--- Requirement ---
For this exercise, write out only the lines of the entries below from the one with "- Place the" up to and including the one with "Details: XT print", exactly as they are. Pictures stay out.

--- Exercise inputs ---
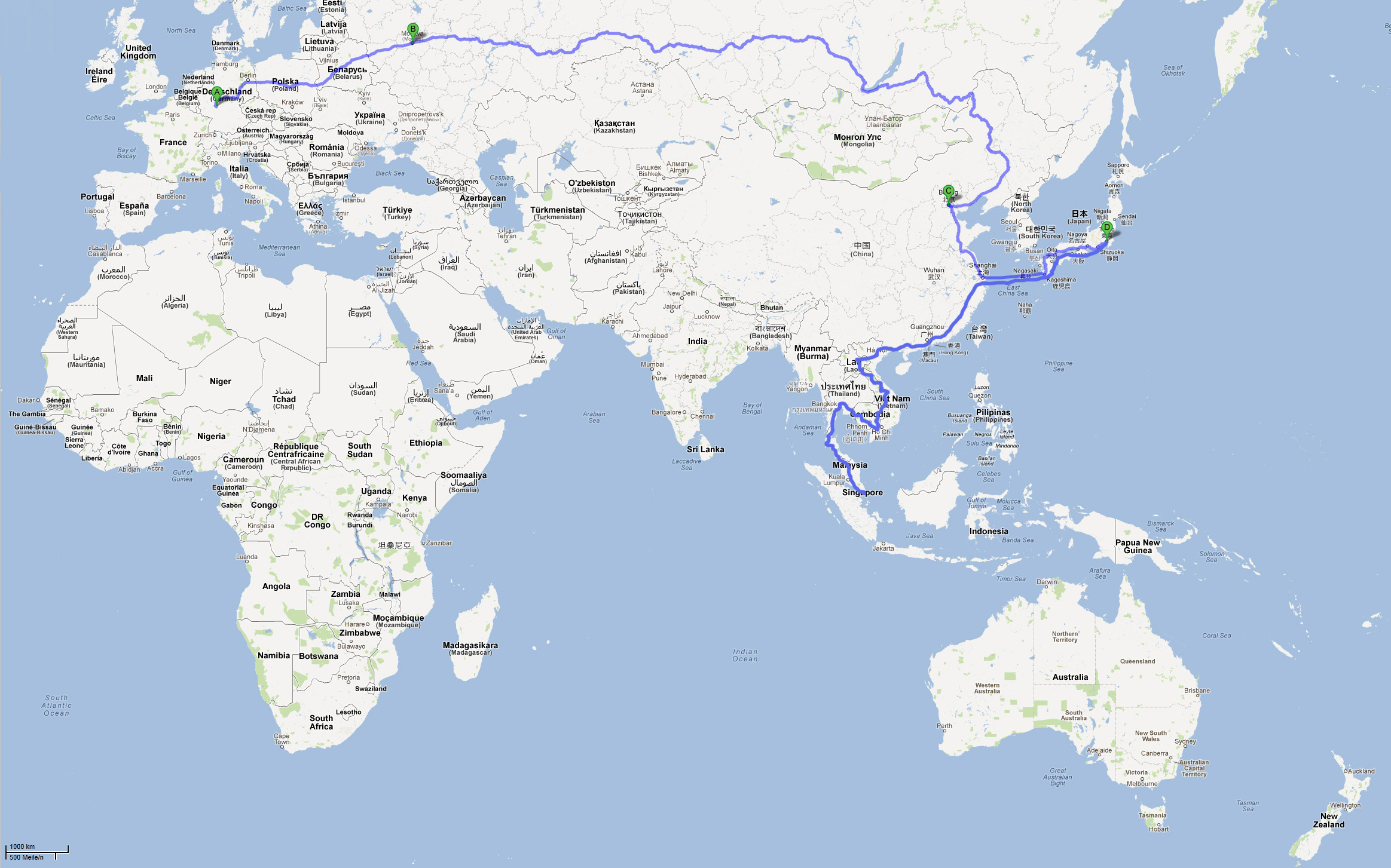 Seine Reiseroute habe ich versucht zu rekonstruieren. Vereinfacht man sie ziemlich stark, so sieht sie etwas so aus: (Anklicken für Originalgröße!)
---
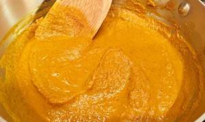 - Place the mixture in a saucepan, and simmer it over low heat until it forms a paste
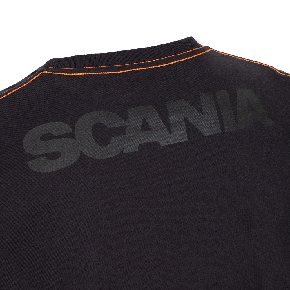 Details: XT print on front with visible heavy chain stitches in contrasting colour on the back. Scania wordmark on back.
---
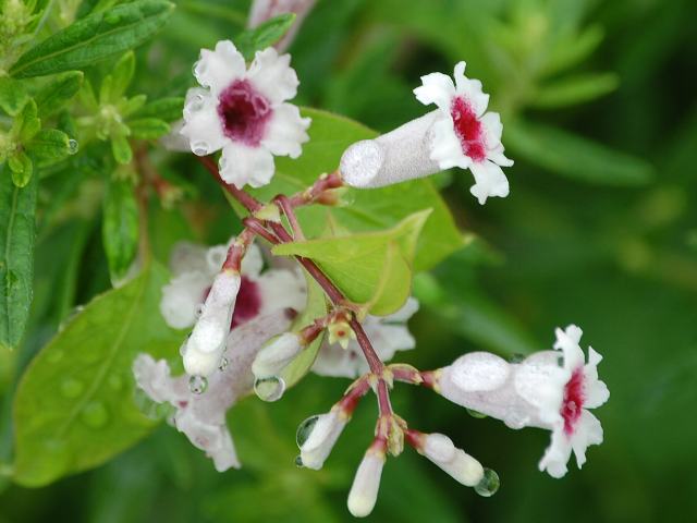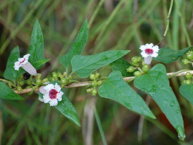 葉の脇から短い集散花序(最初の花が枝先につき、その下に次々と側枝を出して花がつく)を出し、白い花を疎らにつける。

--- Written solution ---
 - Place the mixture in a saucepan, and simmer it over low heat until it forms a paste
 Details: XT print on front with visible heavy chain stitches in contrasting colour on the back. Scania wordmark on back.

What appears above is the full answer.